Table of Contents:
- Some producers chose optional units, while others chose enterprise units for 2010
- Corn and soybean producers have the option of selecting crop insurance policies ranging from 60% to 85% coverage levels
- Grain-quality losses could potentially be a covered loss for crop insurance policies
With federal crop insurance, every year is different, and with the multiple options available to producers, there are many variable results from crop insurance coverage at harvesttime. This year (2010) will be no different, with some producers choosing APH (yield-only) policies vs. crop revenue coverage (CRC) or revenue assurance (RA), with a harvest option (RA-HP), policies (yield and price). Producers also have differences in the level of coverage; some producers chose optional units, while others chose enterprise units for 2010.

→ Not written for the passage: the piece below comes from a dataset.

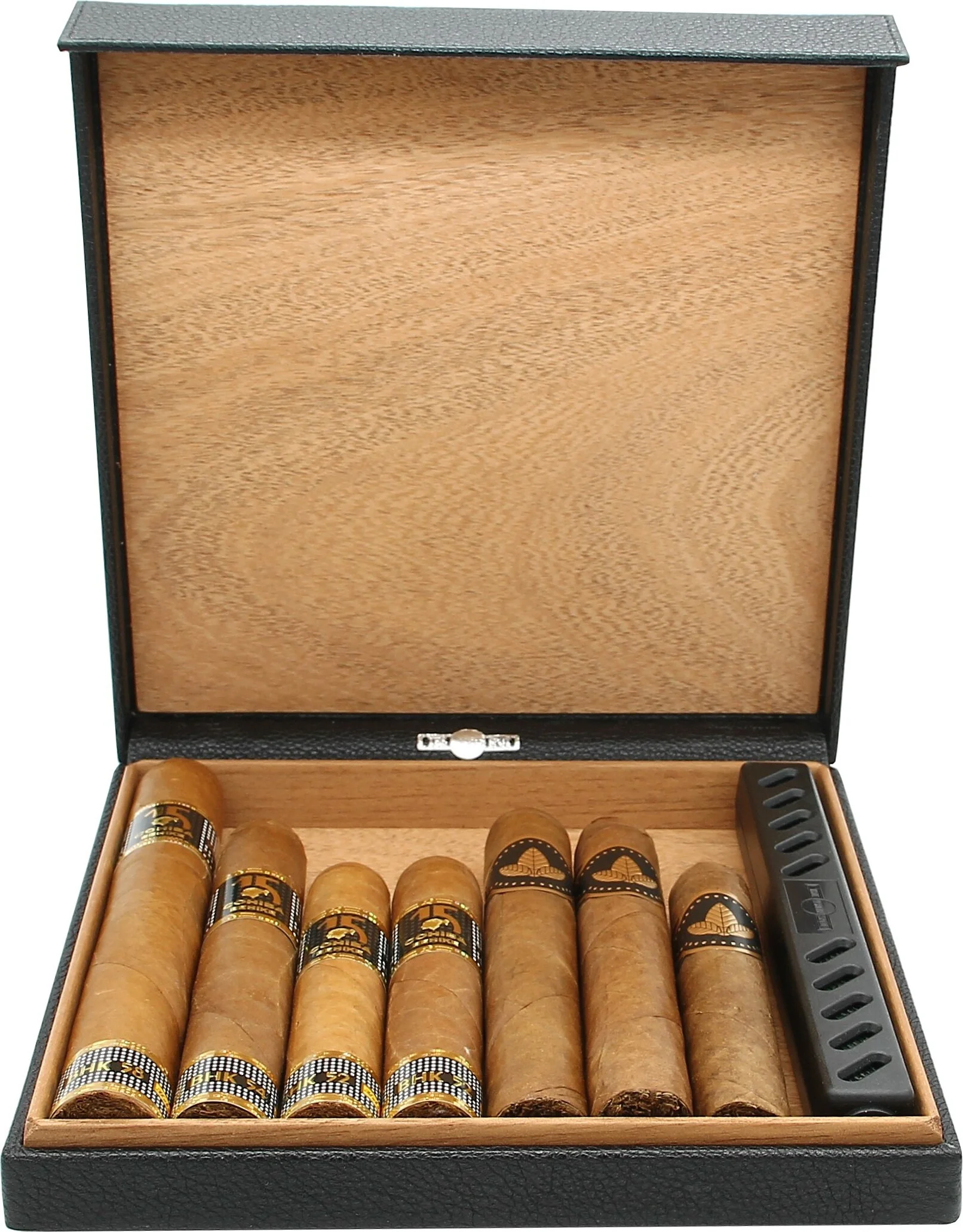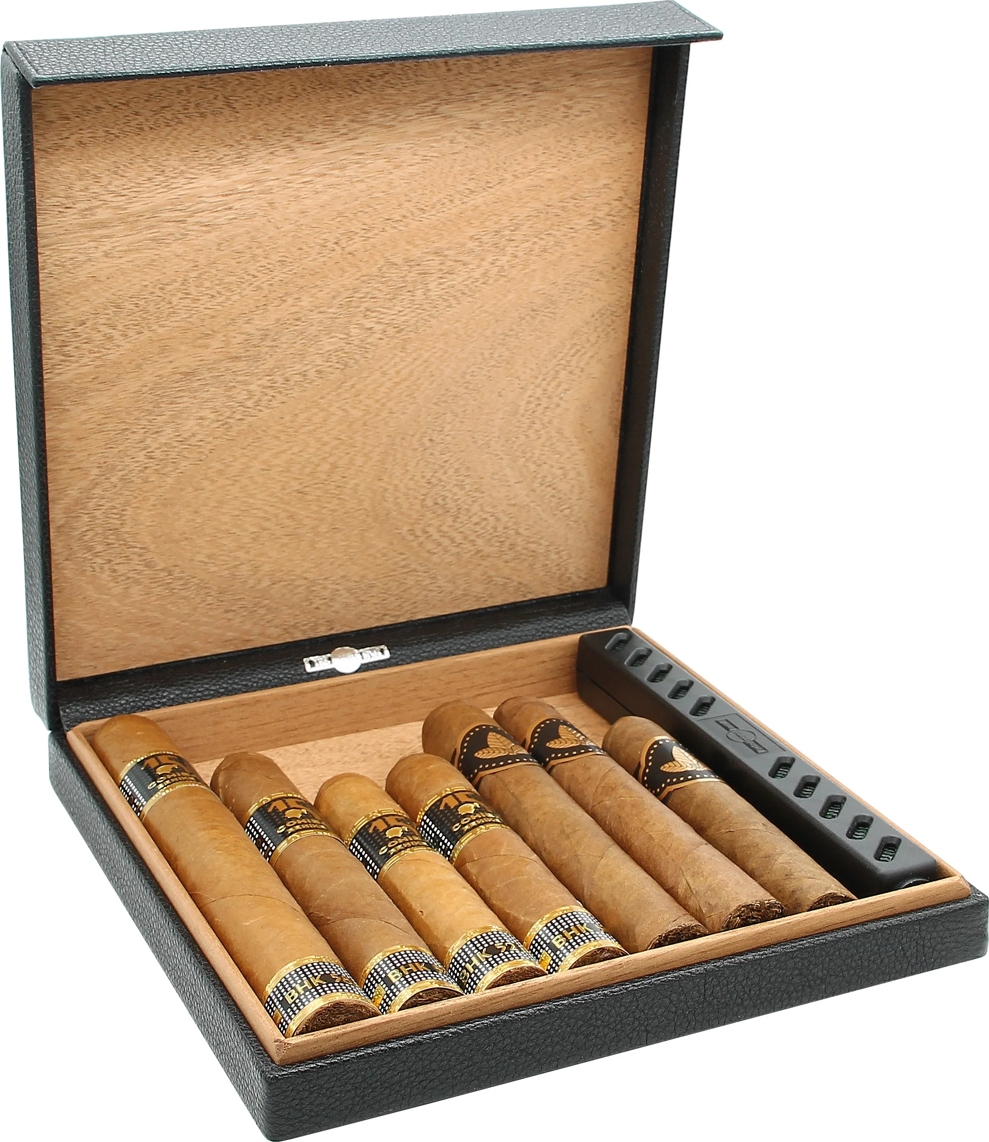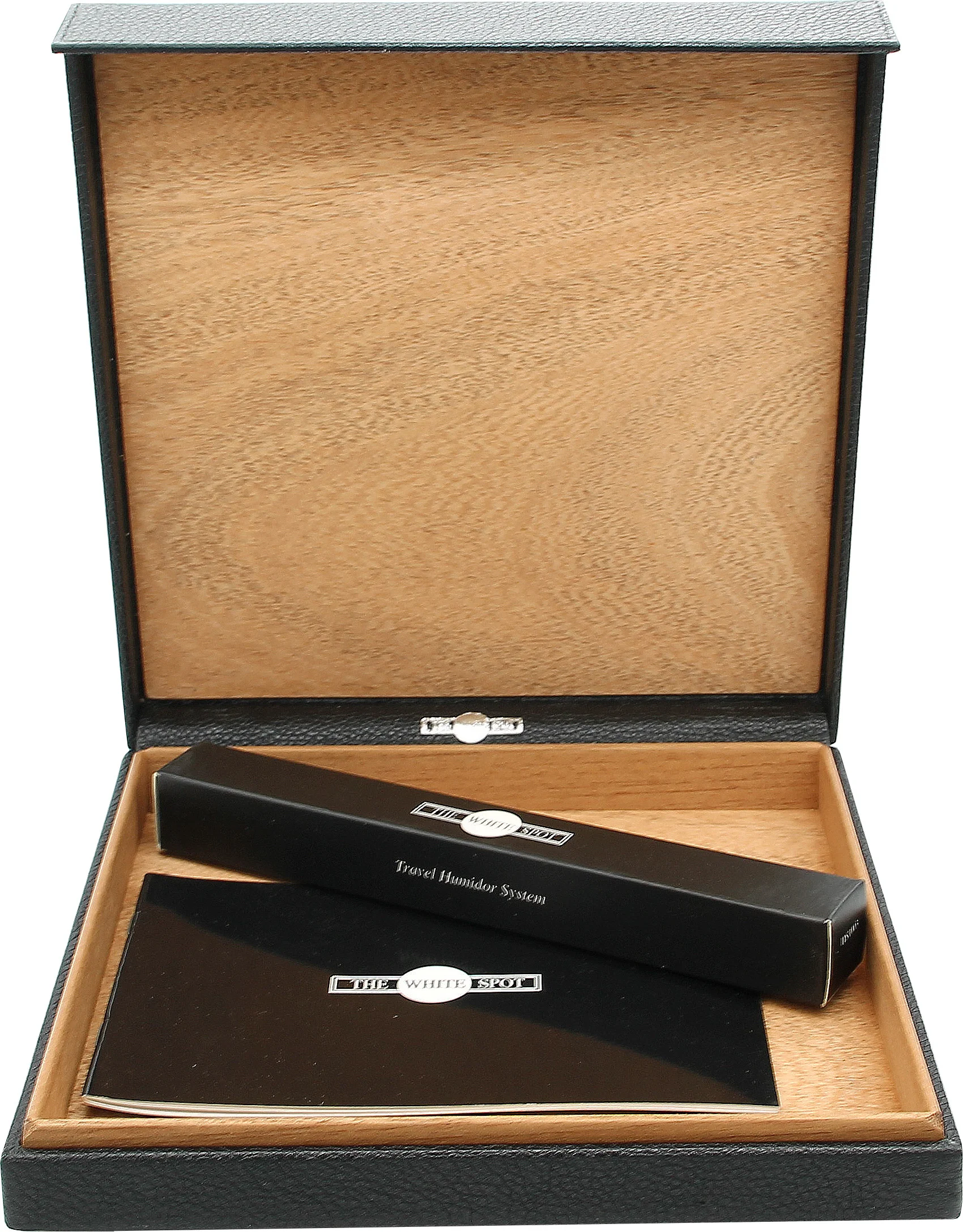 This elegant travel humidor in black from the renowned English heritage brand Dunhill is the perfect companion for travelling. Covered in the finest grained leather from Spain and lined with high-quality wood, it offers space and protection for approximately 10 cigars. The closure is a magnetic clasp hidden beneath the leather. The White Spot symbol embossed into the leather is an unmistakable Dunhill trademark. A sophisticated travel humidor that stylishly protects your cigars and proves to be a reliable companion on all your travels and trips.

In the Midwest, most corn and soybean producers in recent years have tended to secure some level of CRC or RA-HP policies for their crop insurance coverage rather than standard APH policies. Producers like the flexibility of the CRC and RA-HP policies that provide insurance coverage for reduced yields, as well as in instances where the harvest price drops below initial base price. In 2010, the APH policies and CRC or RA-HP policies will function similarly, with all losses being based on yield losses below guaranteed yields. The only difference will be that the payment rate that is used to calculate potential crop insurance indemnity payments in 2010.
The payment rate for APH policies is set at $3.90/bu. for corn and $9.15/bu. for soybeans, for every bushel that the harvest yield drops below the guaranteed yield. However, potential indemnity payments with CRC or RA-HP policies will be paid at a much higher rate for every bushel of yield below the guarantee yield. Final prices for CRC or RA-HP policies will not be finalized until later, but were estimated at $5.36/bu. for corn and $11.44/bu. for soybeans, as of Oct. 25, 2010.
Corn and soybean producers have the option of selecting crop insurance policies ranging from 60% to 85% coverage levels. While 85% coverage levels are fairly common with APH policies, coverage levels of 70%, 75% and 80% are much more common with CRC or RA-HP insurance policies, due to more affordable premium costs. The level of insurance coverage can result in some producers receiving crop insurance indemnity payments, while other producers receive no indemnity payments, even though both producers had the same guarantee and the same final yield. For example, at a proven corn yield of 180 bu./acre, a producer with 85% coverage would have a 153-bu./acre guarantee, while a producer with 75% coverage would have a yield guarantee of 135 bu.